I would appreciate any help or light anyone can shed on this for me.
My mind is driving me crazy trying to explain this.
Thank you in advance!
AC Motors’ stators are big coils. Imagine a flaky connection in your motor, or a crack developing in the winding. Such that thermal stress opens it. Imaging a high current pulse from the drive getting interrupted by such a crack opening. What happens to the flyback from the current in the coils?
Ground fault in the motor, I’d say. If you have a phase going to ground the voltage between the other winding and ground and you have a floating ground (delta power bus for example) or a high resistance ground, then the voltage on the other legs will actually spike up in reference to ground.

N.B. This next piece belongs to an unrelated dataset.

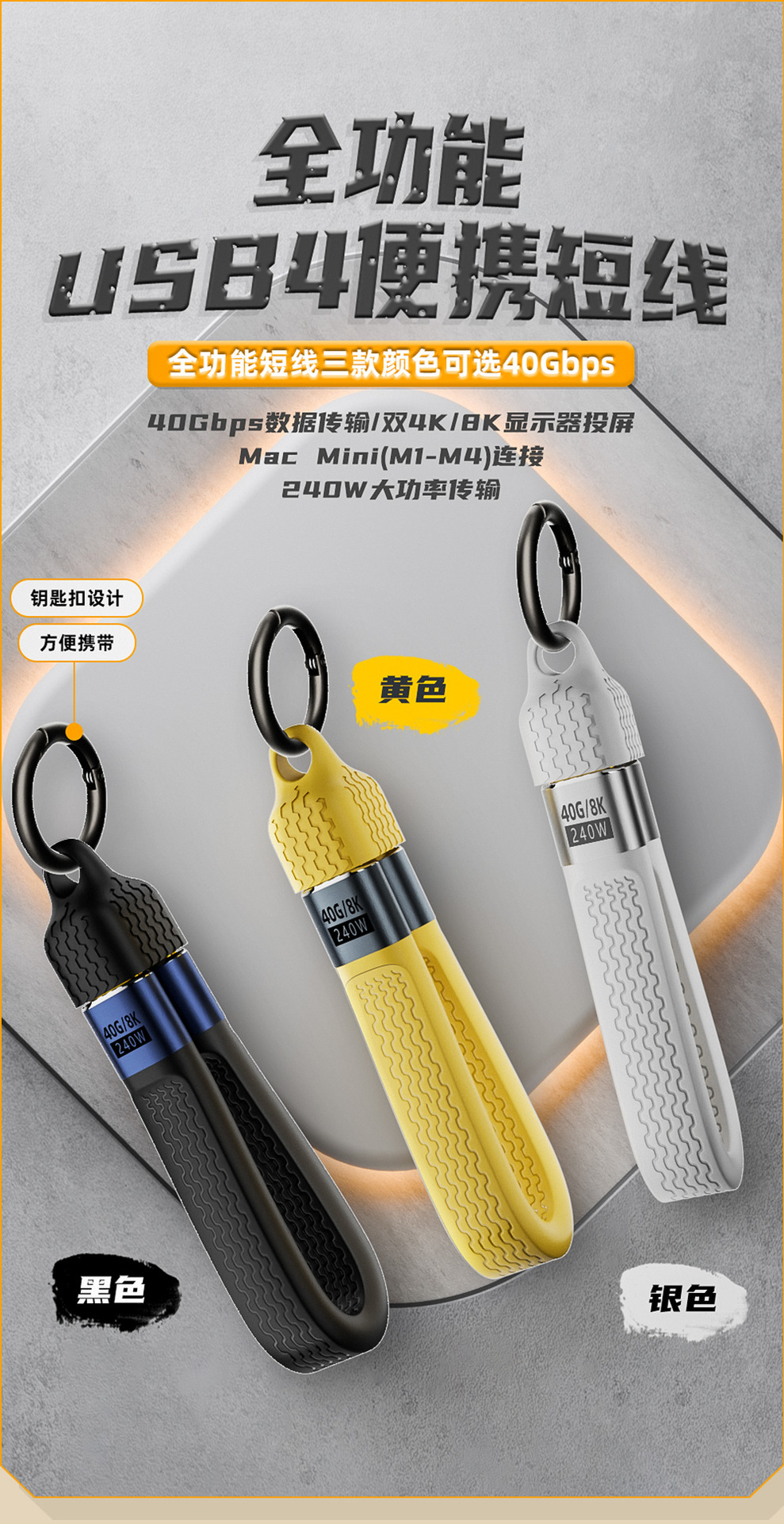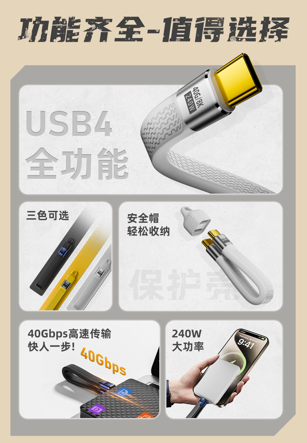 Type-C мужской на Type-C мужской 240Wfpc короткий кабель 40Gbusb4.08K Thunderbolt 4 полнофункциональный кабель передачи данных

This can happen on either side of the inverter. An old place I worked at in a previous life had a delta bus. If a tank heater on one end of the plant would short to ground (being in a liquid) it would fault an induction heater at the other end of the plant for DC bus voltage. Technically, it would have had an effect on everything on that substation if it was using ground as a reference.
Delta. good for submarines, not always so good for factories.
@JordanCClark but those drives have a ground fault. Why would it trigger the overvoltage vs the ground fault?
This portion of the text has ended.